The data Apple is collecting is relatively boring and benign … but it still is data collection for the purposes of advertising. This goes against the principles Apple advocates in its commitments to privacy and data minimisation. Again, it’s not that Apple is applying one rule for itself and another for developers. After all, Facebook is allowed to share as much data as it wants with Instagram and WhatsApp as they all fall under the first-party rule. But I have come to expect Apple to be better than Facebook, and I expect them to do more than the bare minimum.
It is self-serving that Apple classifies the App Store as first-party and therefore its ad network avoids the friction of App Tracking Transparency. As it stands today, the vast majority of iOS users have ads personalisation de facto enabled and they don’t even know what it is or that it is happening.

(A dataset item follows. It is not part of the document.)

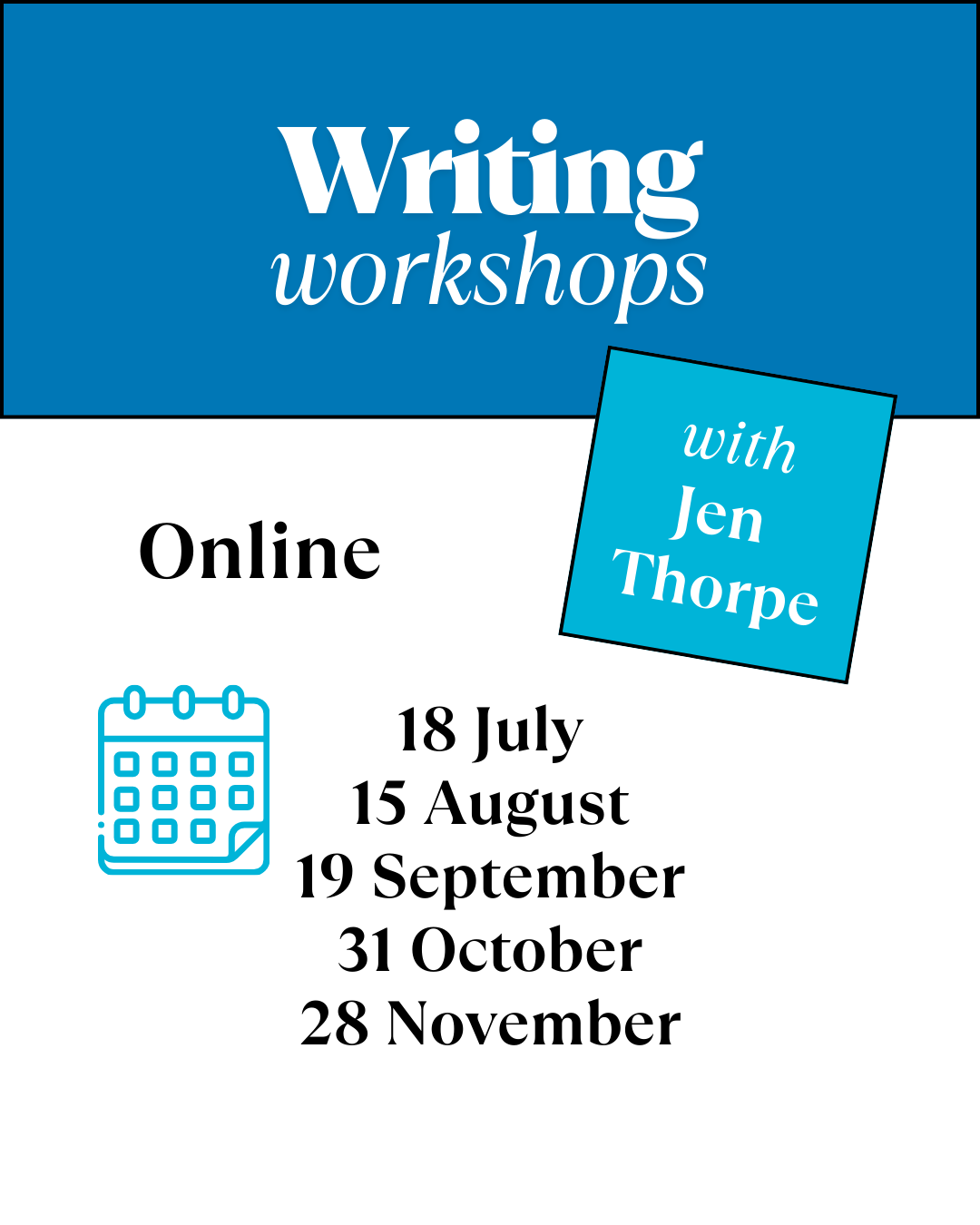 In every workshop we will sit down and complete a series of writing exercises. These will be structured around a theme (see the image at the top of this blog). The theme is there to guide me in sharing activities, prompts, quotes and insights that I will share. The writing you do, however, is totally up to you.

One way for Apple to behave better about this would be to treat the App Store as if it was a third-party operation. In accordance with its own rules, this would mean the App Store would need to get explicit permission before it could show targeted ads. The permissions dialog would educate users about the kinds of data Apple collects for advertising purposes and let them make up their own minds about whether they are comfortable with it.